Does Size Matter?

June 29th, 2013

At any gathering of clergy, you’ll hear talk of new programs, building projects or repairs, and the perennial struggle of getting people to give. But church size is the elephant in the room. Oh, you’ll hear about membership decline, outreach, and strategies for growth—but naming numbers, that’s where it gets scary.

The pressure is on to get more people through the door, more people involved, and more dollars in the plate. Pastors feel frustrated by simplistic “do this and people will come” campaigns. What worked at the megachurch across town isn’t likely to work in a completely different context, at least not without a hefty amount of adaptation. Sometimes, despite every effort to reach out and draw in, the results leave something to be desired. We feel judged, rated, or ranked, based on the number of cars that fill the parking lot on Sunday mornings.  It’s understandable that we want to downplay matters of size in favor of intangibles like spiritual maturity and a heart for mission.

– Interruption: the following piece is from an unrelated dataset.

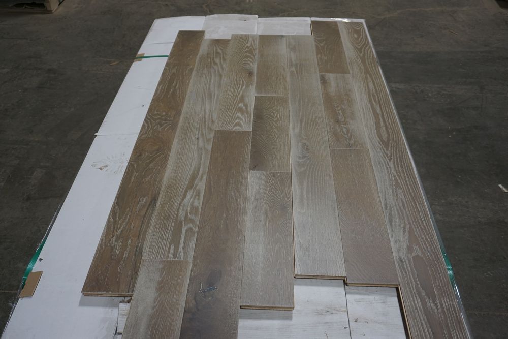 White Oak Sea Pearl Engineered Hardwood Flooring 1/2"x5"xRL. By Mullican, Prefinished, Wirebrushed. Grade: A, 8 Boxes, 39 SF Per Box, *Boxes may be damaged, pay attention to photos* *Any manufacturer warranties are NOT VALID with any purchase at our Auctions unless stated otherwise.. Weight: X. Sold by: Square Foot. Sold as: Quantity x Price.

Does size really matter? Sometimes not. Churches of any size can serve their communities in significant ways, and an inspired sermon is powerful, whether it is heard by fifty people or five hundred. But the challenges experienced by a tall-steeple church of one thousand members are very different from the challenges experienced by a rural congregation of just a few families. Economies of scale demand a very different approach to discipleship, outreach, fellowship, and even the Sunday morning schedule.

There are unique needs and considerations for churches of various sizes, and also a lot we can learn from one another. In the previous issue of Circuit Rider (May/June/July), Deech Kirk, of the Center on Youth Ministry Training, pointed out how small, family-based churches are more likely to produce adults who actively participate in church than are big churches with dynamic youth ministries. From that, large youth programs learn the benefit of intergenerational relationships for faith formation.

In this issue, read how a large church puts its focus on discipleship rather than membership, how a small church eased the trauma of pastoral transition with a unique leadership model, and much more. Learning from each other, we can enhance our ministries in our own contexts, and become a more faithful church, whether worship is a gathering of two or two thousand.